Using Earth observation to support the predictive accuracy of species distribution models in ecological restoration: a case study of Poland beavers (Castor fiber)
Keywords: Remote Sensing, Earth Observation, Environmental Monitoring, Species Distribution Modelling, ecosystem restoration
Abstract. The ability of Earth observation and remote sensing to identify the potential of species to restore ecosystems is a critical element in combating habitat degradation and biodiversity loss. Historical climate data and current species occurrence, coupled with geospatial modelling methods, can significantly aid in decision-making to support ecosystem restoration. We chose Eurasian beavers (spp. Castor fiber) as our case species, which are known ecosystem engineers that create wetland habitats and significantly alter/reinforce the morphology, dynamics, and hydraulics of riverine landscapes. To investigate their ecosystem restoration potential, we applied species distribution modelling (SDM) to determine their current and future distribution scenarios.
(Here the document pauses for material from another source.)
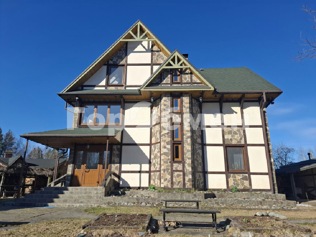 Продаётся просторный дом в деревне Кишкино Московской области. Дом построен в 2011 году, его площадь составляет 262,9 квадратных метров. Дом построен из цельного бруса хвойных пород, утепленный Тепофолом, толщина стен 450мм. Внешняя отделка фасада дома исполнена в альпийском стиле природным камнем. Дом находится в состоянии, готовом к проживанию, и окружён ровным участком земли площадью 14 соток. Участок правильной формы , сухой, с плодовыми и лиственными деревьями, ухоженный газон с красивыми выложенными плиткой дорожками.

Our SDMs used current and simulated future environmental data along with different classes of rasters such as elevation, inland swamps, water bodies, natural seasonally or permanently wet grasslands, open mires, riparian mixed forests, riparian swamp broadleaved forests, riparian swamp coniferous forests, watercourses, protected areas, and urban and built-up areas derived from Google Earth Engine to predict areas suitable for beaver habitats. Further, by using the zonation method, we were able to develop a stepping stone model to prioritize habitat conservation efforts. We provide habitat projections according to time periods of "2041–2060", "2061–2080" and "2081–2100", and to different climate change scenarios (SSP126, SSP245, SSP370, and SSP585). Thus, using a potential nature-based solution, we have employed remote sensing data and tools to develop a holistic framework for not only quantifying the ecosystem restoration potential of beavers but will also provide a new direction for understanding species-specific importance in climate change mitigation.